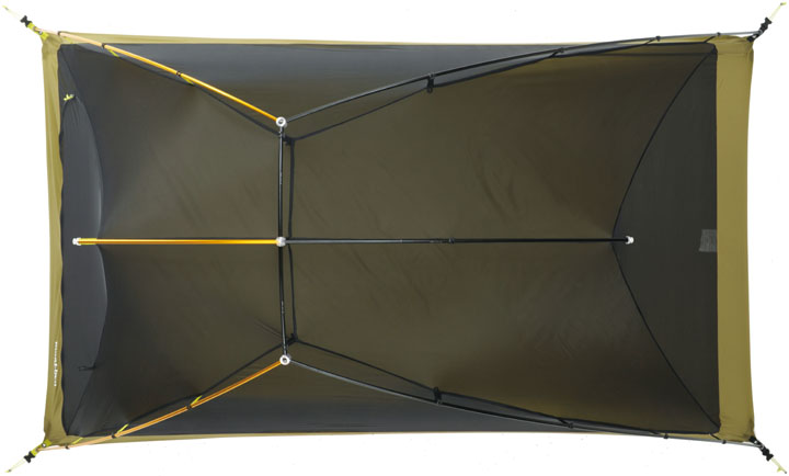 さらに天頂部を入り口側にずらし、サブポールにより前室の起点を遠くに設けることで、大きな前室を作ることも可能になっています。
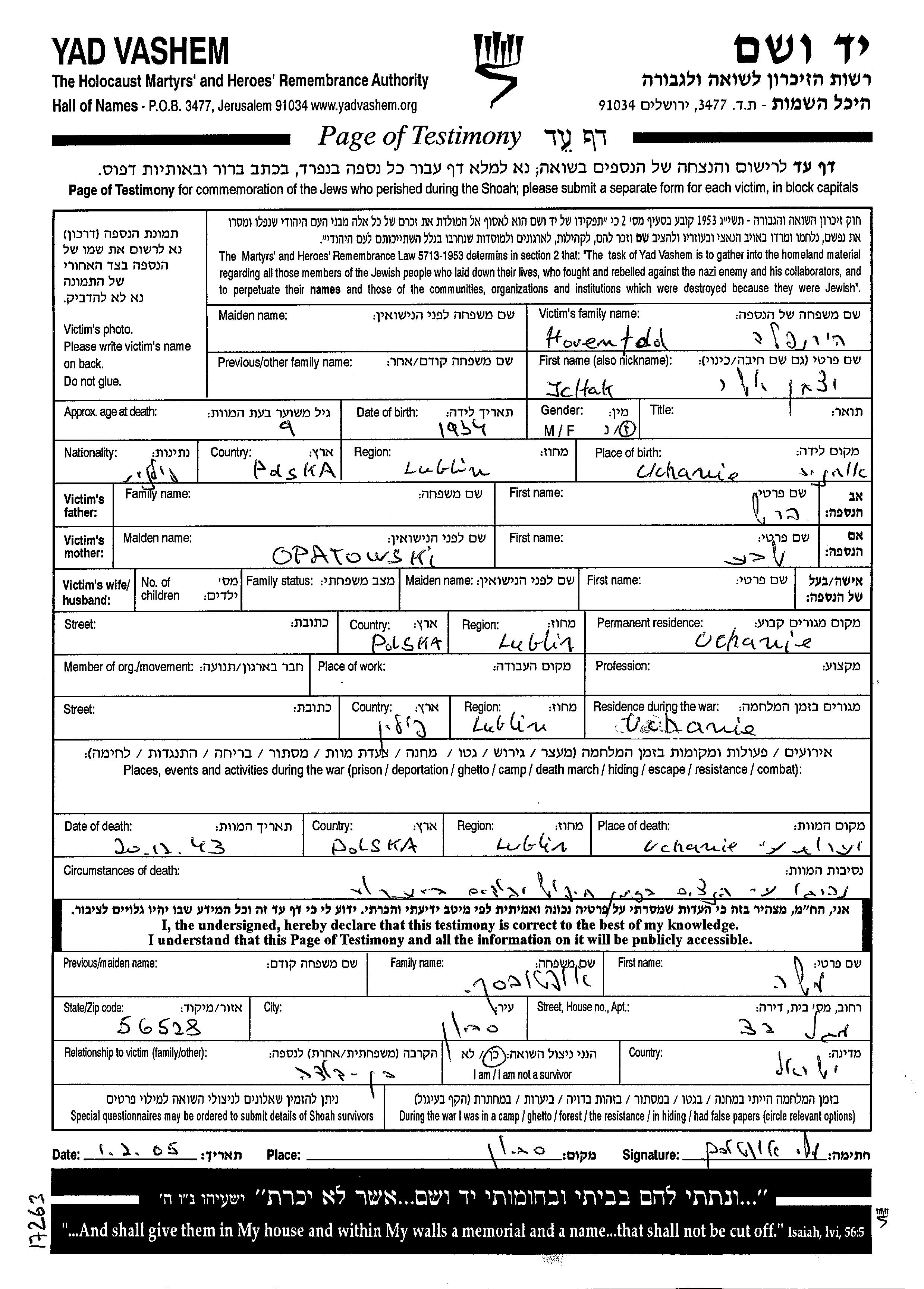 Asher Yitzkhak Hornfeld wurde im Jahr 1934 in Uchanie, Polen geboren. Er war der Sohn von Beresh und Sheva, geb. Opatowski. Er war Kind. Vor dem Zweiten Weltkrieg lebte er in Uchanie, Polen. Während des Krieges war er in Uchanie, Polen.
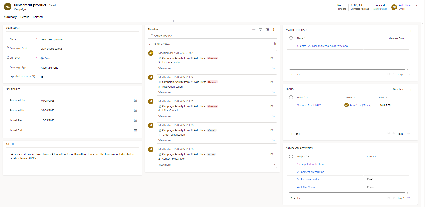 Contas e contactos, leads e oportunidades, propostas e reclamações são algumas das entidades no CRM onde pode ver uma linha temporal cronológica de todas as actividades e interações.
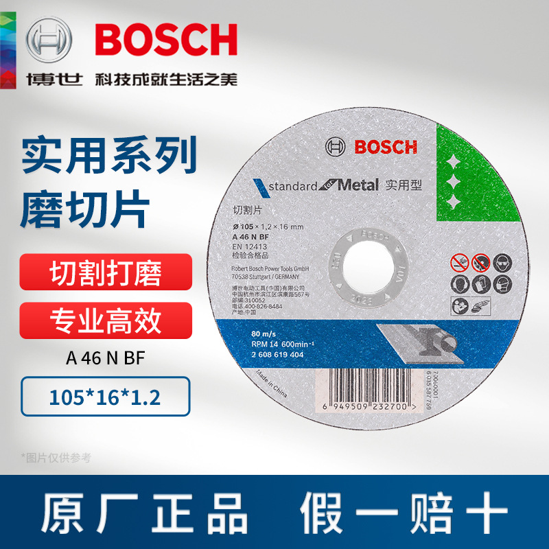博世 BOSCH 实用系列磨切片 金属切片105*16*1.2mm 金属砂轮切割片
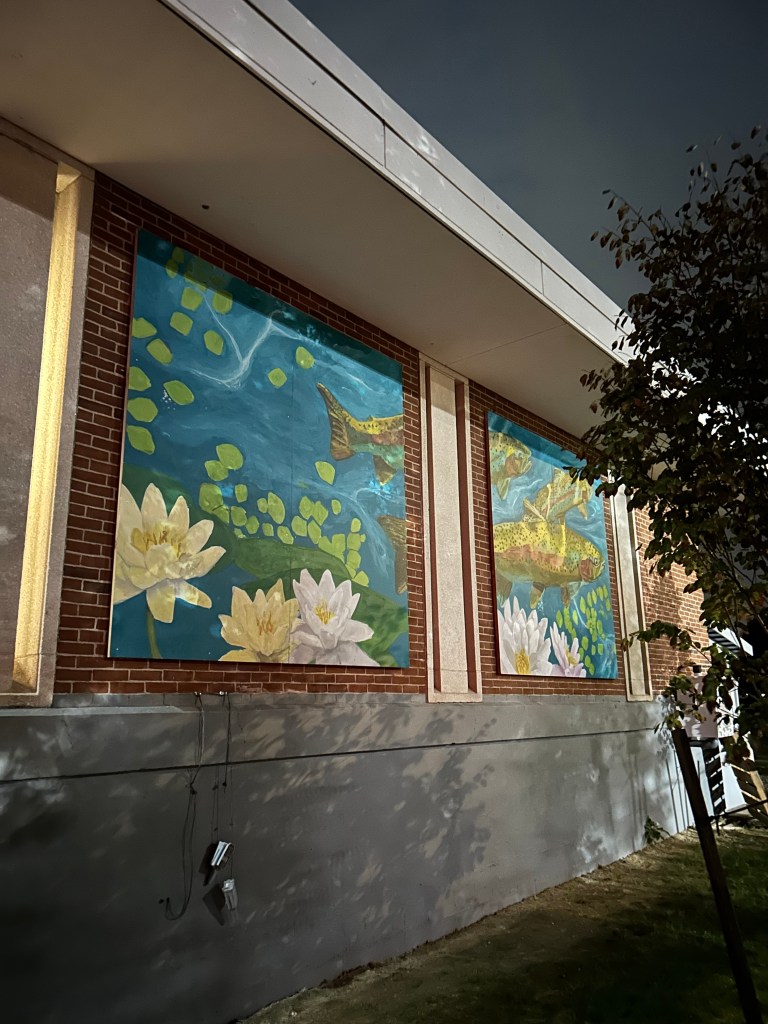I walked down to the pool the night it was installed and, yes, soaked it in. These are rainbow trout, busy connecting us to the tributary of the Charles River at our backs and the experience of swimming ahead of us – ensuring we are one with our ecosystem, each other, and ourselves.

++++++++

To do | Would you reproduce, exactly and with nothing added, every line from the beginning of the entries above through the line that contains "博世 BOSCH 实用系列磨切片 金属切片105*16*1.2mm 金属砂轮切割片", both included, leaving out the pictures?

Answer to the exercise |
 さらに天頂部を入り口側にずらし、サブポールにより前室の起点を遠くに設けることで、大きな前室を作ることも可能になっています。
 Asher Yitzkhak Hornfeld wurde im Jahr 1934 in Uchanie, Polen geboren. Er war der Sohn von Beresh und Sheva, geb. Opatowski. Er war Kind. Vor dem Zweiten Weltkrieg lebte er in Uchanie, Polen. Während des Krieges war er in Uchanie, Polen.
 Contas e contactos, leads e oportunidades, propostas e reclamações são algumas das entidades no CRM onde pode ver uma linha temporal cronológica de todas as actividades e interações.
博世 BOSCH 实用系列磨切片 金属切片105*16*1.2mm 金属砂轮切割片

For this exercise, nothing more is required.